Am Fasnetsundigmittag wird der "Bändeltanz" auf dem Kirchplatz aufgeführt und danach zieht die Zunft in die Kaiser-Josef-Straße zur Straßenfasnet. Am Montag, dem Hochtag der Fasnet, wird mit lautem Kuhglockengeläute die Herdermer Bevölkerung aus den Betten geholt. Am Nachmittag beteiligt man sich am Umzug in der Innenstadt. Mancher gute Umzugswagen der Herdermer wurde dabei schon prämiert. Der Dienstag gehört traditionsgemäß dem "Narresoome". Nach einem deftigen Mittagessen sind am Nachmittag die Kinder zu einem Umzug durch Alt-Herdern aufgerufen.

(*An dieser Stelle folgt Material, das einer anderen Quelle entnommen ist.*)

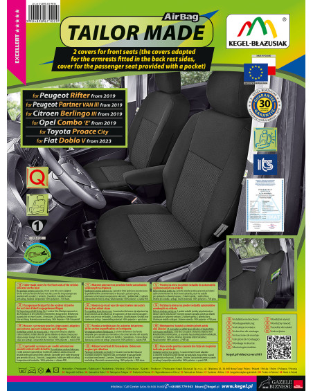 2 pokrowce na przednie fotele (pokrowce przystosowane do podłokietników zamontowanych w bocznych częściach oparcia, pokrowiec na fotel pasażera wyposażony w kieszeń)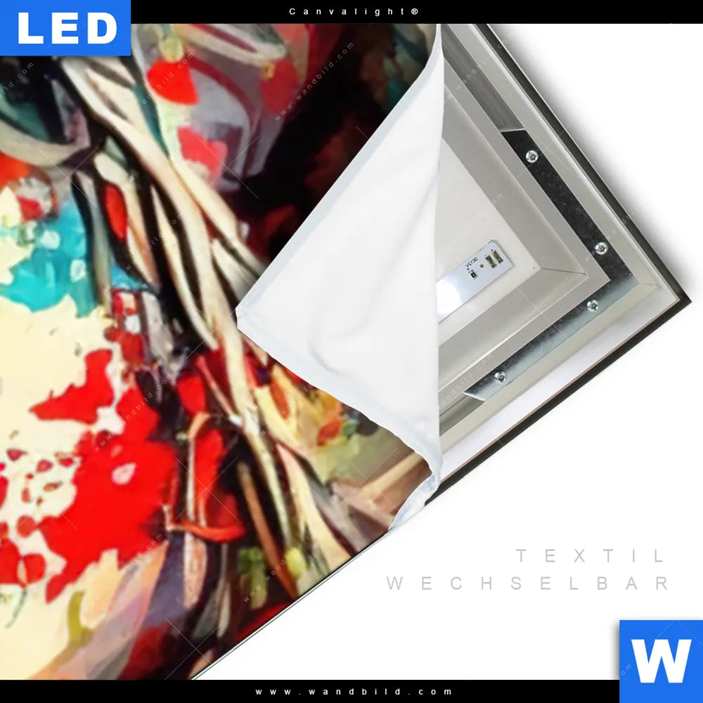 LED-Textilrahmen-Bild mit austauschbarem Porträts - Menschen Textil-Druck (Wechselbild)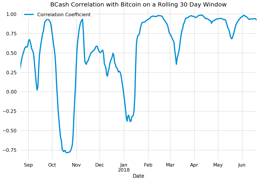 The correlation coefficient of a pair of assets changes wildly over time. Just because something was correlated a certain way in the past, does not mean the relationship will hold in the future. The 30-day rolling correlation for many coins looks like this, a series of ups and downs.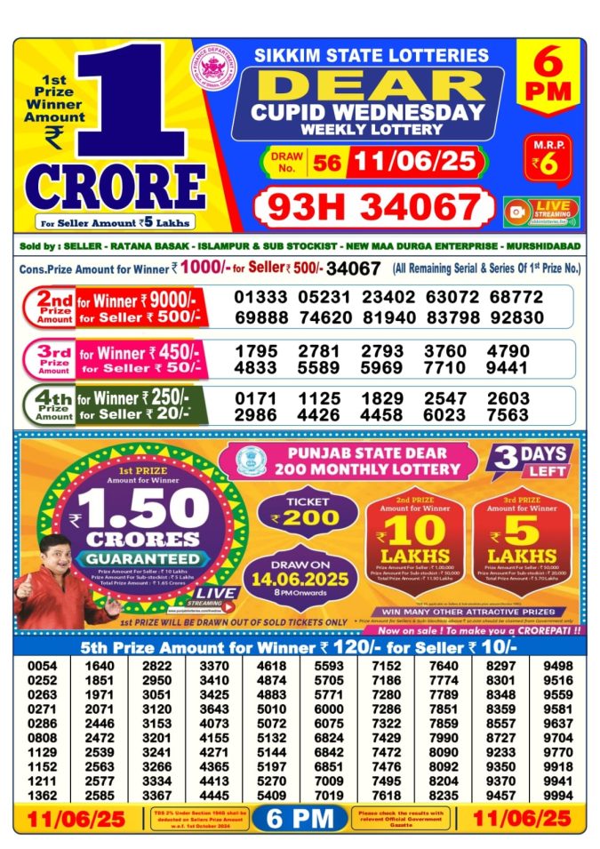Dear cupid wednesday weekly Lottery 6PM Result 11.06.2025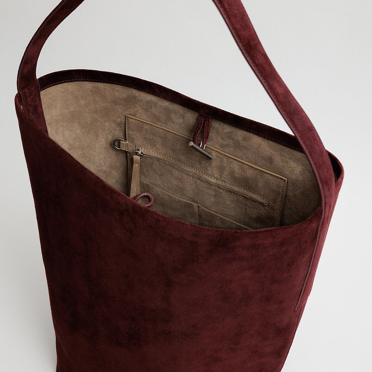 Teresa believes the devil is in the detail, or rather, the data. Enter her namesake Tote: designed for fuss-free commuting and analytics on the go. The Teresa Tote is a deep bucket style with a large interior hanging pocket, shoulder strap and custom Yu Mei toggle closure. Fits a 15 inch laptop. Strap length 58cm.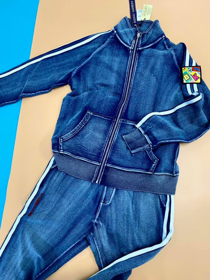 大人な雰囲気を演出するデニムのヴィンテージ感が新しい、デニム風スウェットZIPトラッカー&カットデニムサイドラインパンツの上下セットアップ。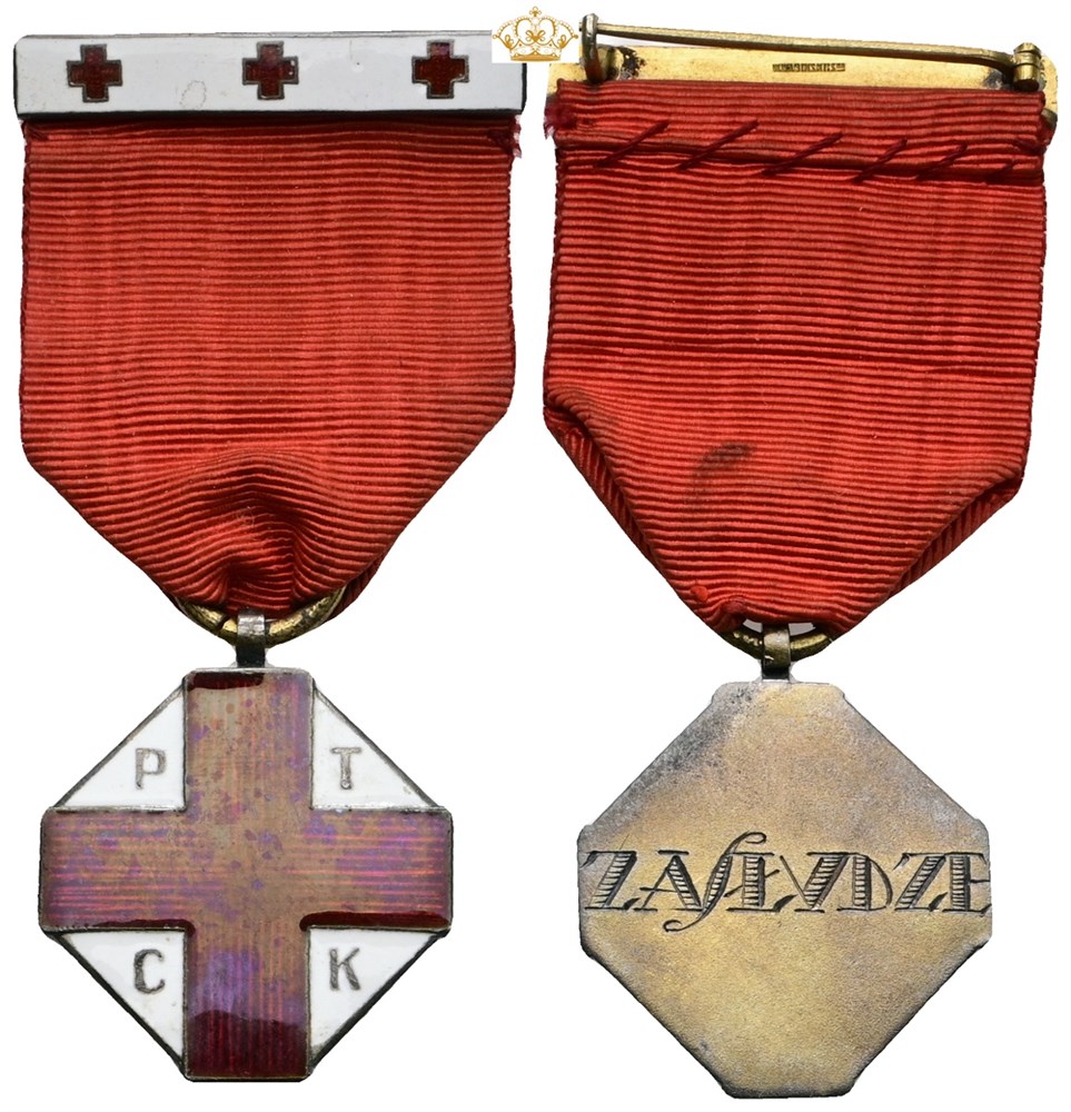 PTCK / PCK, Polish Red Cross, Badge of Honour, 1st class, ND (c. 1921-1927), engraved "ZASŁUDZE" on the reverse, by W. Wabiński, Ae with enamel, 31 mm.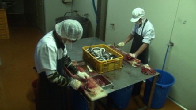 먼저, 불철주야 장어를 양식하는 사람들이 있다. 바로, 민물장어와 갯벌장어 양어장의 작업자들이다. 민물장어 양어장에 있는 장어만 20만 마리에 달한다는데~ 더운 양어장에서 장어를 크기별로 선별하는 작업도 여간 고된 일이 아니다. 비 오듯 쏟아지는 땀을 닦으며 장어를 선별하는 일은 온전히 작업자들의 몫이다. 특히, 장어 손질을 할 때에는 날카로운 칼에 손을 다칠 수도 있기 때문에 신경을 바짝 곤두세워야 한다. 민물장어 양어장에서 굵은 땀방울을 흘리는 작업자들을 만나본다.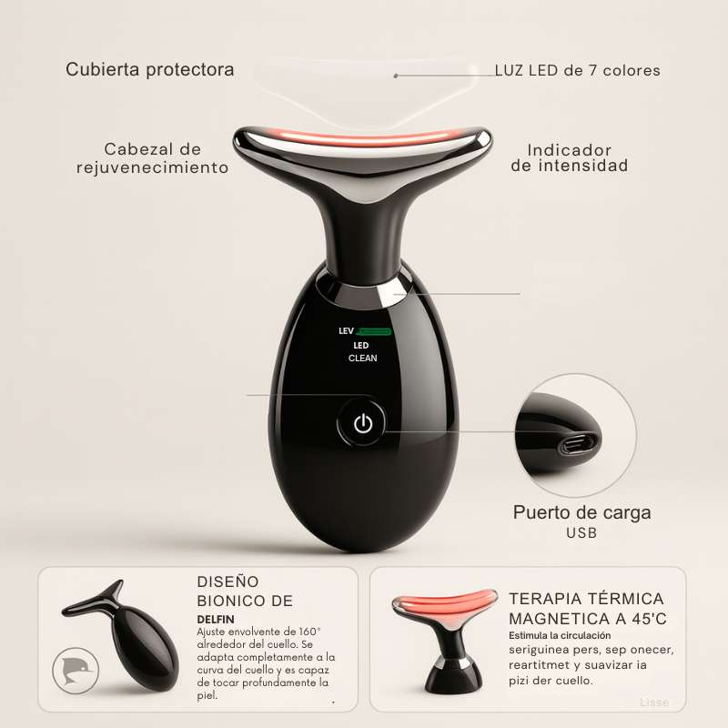 Diseño ergonómico tipo delfín para rostro y cuello |

Alle, die an diesem bunten Lindwurm teilnehmen, bekommen danach eine Wurst und einen Wecken, meist gestiftet von den Herdermer Geschäftsleuten.

Am Zischdig-Obe trifft man sich nochmals im Zunftlokal, letztmalig kann getanzt werden bis die Socken qualmen, denn kurz vor Mitternacht wird unter Heulen und Wehklagen am Glasbach der "Iganz Fasnet", eine große Strohpuppe, verbrannt. Das Häs wird ausgezogen, gemeinsam schweigend ein saurer Hering verdruckt und dann nach Hause gegangen.

Manches runde und närrische Jubiläum hat die Zunft schon durchgeführt. So hat man 1980 zum 50-Jährigen in einem nächtlichen Fackelzug einen Narrenbrunnen eingeweiht und 1990 zum 60-Jährigen auf der Sparkasse eine große Ausstellung verwirklicht. Auch für die Millemniums-Fasnet 2000 hatte man sich allerhand vorgenommen. Neben der Ausrichtung des Protektorats, der übergabe der Schirmherrschaft an den Oberbürgermeister, wurde wieder einmal ein Umzugswagen gebaut und an der Spitze des Umzuges marschiert.